I conduted this project for one of the fastest growing startups, XYG (not real name of company) in the logistics and delivery domain. Company XYG works with several partners and make on-demand delivery to their customers. During the COVID-19 pandemic, they were faced with several different challenges and everyday they tried to address these challenges. As a growing startup, with a global expansion strategy XYG's primary strategy was to make their customers happy and the only way to do that was to measure the happiness of each of their customer. They were intereted in predicting what made their customers happy or unhappy so as to take the necessary actions to improve customer's satisfaction. Getting feedback from their customers was not easy either, but they had a culture of getting constant feedbacks from their customers. They did a survey to a select customer cohort. I was presented with a subset of this data with the goal to predict if a customer is happy or not based on the answers they give to questions asked.
The dataset, a CSV, contained 126 reocrds of the customer's cohort.

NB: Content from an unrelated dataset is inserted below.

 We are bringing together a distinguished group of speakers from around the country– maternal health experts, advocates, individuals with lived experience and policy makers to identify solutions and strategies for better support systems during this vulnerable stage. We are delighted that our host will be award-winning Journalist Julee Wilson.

A description of each of the features is listed below:
Attributes X1 to X6 indicate the responses for each question and have values from 1 to 5 where the smaller number indicates less and the higher number indicates more towards the answer.

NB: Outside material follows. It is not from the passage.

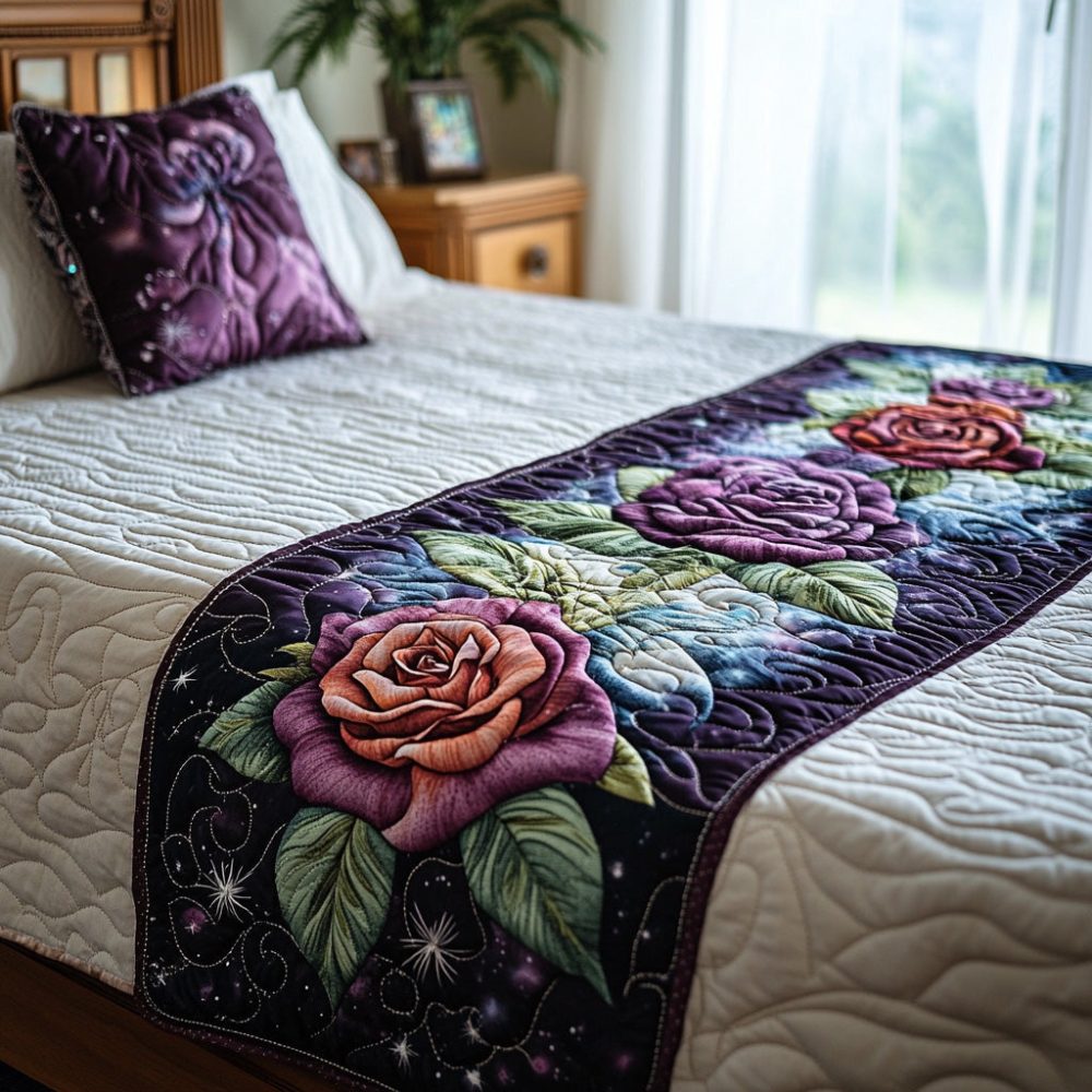 Velvet Rose Plush Quilted Bed Scarf — Luxurious Rose Pattern Bed Runner With Velvet Accents For Romantic Bedroom Styling

Y = target attribute (Y) with values indicating 0 (unhappy) and 1 (happy) customers
X1 = my order was delivered on time
X2 = contents of my order was as I expected
X3 = I ordered everything I wanted to order
X4 = I paid a good price for my order
X5 = I am satisfied with my courier
X6 = the app makes ordering easy for me
This project aimed to predict if a customer was happy or not based on the answers they give to a series of survey on customer cohort.
The first step of this project was data exploration where I learnt about the structure of the dataset, checked for missing data estimated the correlation between each feature. Afterwards I built 7 models and trained each of them. I also built a KNN classifier which returned an accuracy score of 74%. Further, I determined the accuracy score of the 7 models and selected the best (logistic regression model) as well as the least best (decision tree). The accuracy score estimated from the cross-validation method informed my decision to also tune the decision tree model for the best hyperparameters. The accuracy score under the cross-validation method was 60% and 52% but 50% and 62% without the cross-validation approach for the decision tree model and logistic regression model, respectively. After tuning both models, only the decision tree model achieved a higher accuracy score of 73%. Lastly I took a look at it's confusion matrix and computed the model's precision, recall and F-score
Further improvement can still be done to improve the result. For example, an extensive hyperparameter tuning on each of the other learning models.